El otro rasgo que le acompaña como una sombra es el de ser un hombre ajeno a la cultura y a la inteligencia. No diremos que fue un militar intelectual (como Díez Alegría, Salas Larrazábal o Álvarez-Arenas), pero sí que tenía un nivel cultural muy por encima de la media de sus compañeros del mundo castrense. Hablaba inglés y francés, tenía mundo, había viajado y conocía distintas culturas. Para la creación de la Legión, se inspiró en el Bushidó, código samurái, que tradujo al español del inglés y adaptó para crear los estatutos del nuevo cuerpo. Toda su vida se confesó una enamorado de la cultura japonesa. No fue un militar típicamente “cuartelero”, sino un hombre culto y con un destacado aspecto mundano. Sus mismas peripecias amorosas lo alejan de lo común.
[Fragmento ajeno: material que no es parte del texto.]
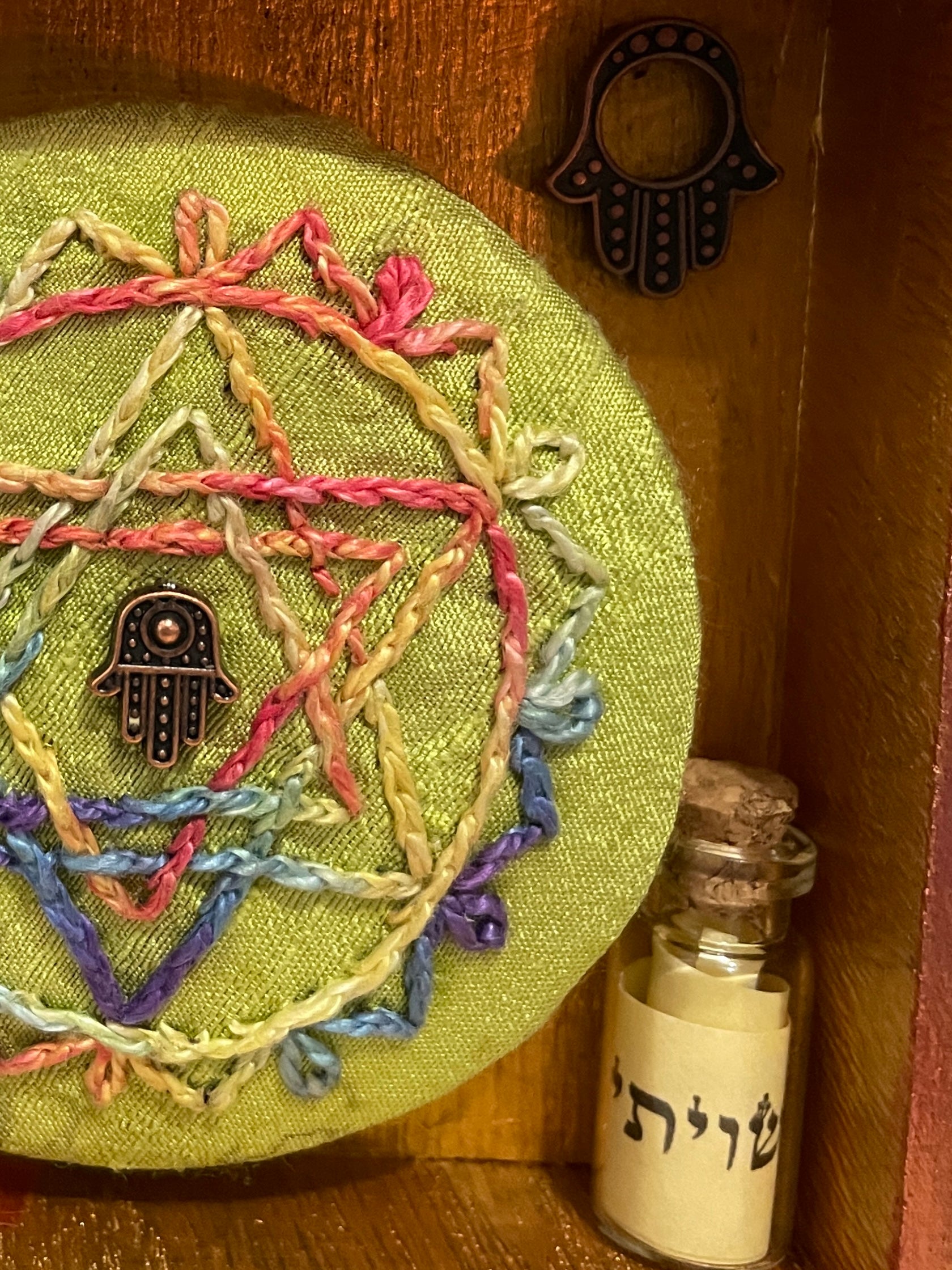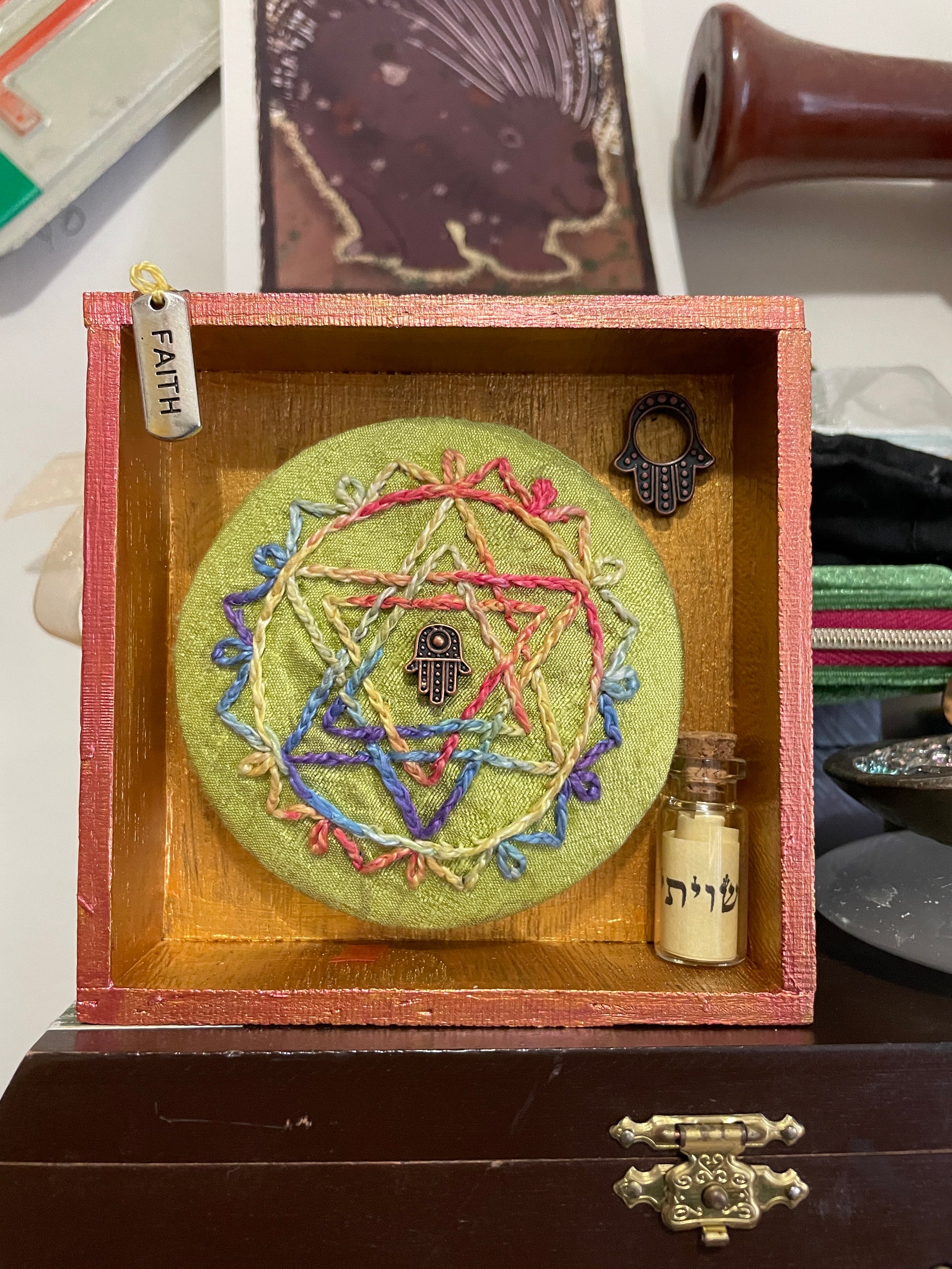 This 4” square mixed media shiviti shrine features a hand embroidered Magen David on green silk with a metal hamsa bead accent, set into a frame with a larger hamsa, bottle with scroll, and hanging charm that says “faith.”

Cuando, en 1924 en la guerra de Marruecos, sufre una herida que termina con la amputación de su brazo, lo que se sumaba a las graves lesiones anteriores, escribe al Rey Alfonso XIII: “elevo al Trono mi petición de no ingresar en inválidos por desear ardientemente seguir trabajando constantemente…” El Rey le concede esta petición de mantenerlo en activo, a lo que él contesta: “Es un orgullo y una satisfacción (…) el que el Rey haya escuchado la petición de este humilde soldado y le conceda la más alta gracia con la que pudo soñar, cual es la de poder derramar, otra vez en activo, la sangre de nuevo por su España y por su Rey”. El gesto lo define: parece más un samurái medieval que un militar de su tiempo.
En el fondo fue un personaje un poco extraño e inclasificable, como un algo atrabiliario, uno de esos personajes (como Valle-Inclán, Dalí, Gaudí, el propio Unamuno) que terminan siendo sustituidos por su leyenda. Me recuerda, en otro orden de cosas, la figura del cardenal Pedro Segura, tan personal e intransferible que, aunque compartiera con Franco todos sus “demonios familiares”, nunca fue lo que se llamó un hombre del Régimen y su intensa personalidad lo llevó a actuar siempre por su cuenta.
Unamuno y Millán Astray, los dos pertenecen a nuestro acervo común y ambos enriquecen la historia y la cultura española. ¿Por qué tenemos que seguir enfrentándolos, cuando ya el tiempo de su cruenta lucho pasó y es historia que debemos mirar con “paz, piedad, perdón”? ¿Por qué tenemos, los españoles del siglo XXI, que renunciar a ninguno de estos dos valiosos legados?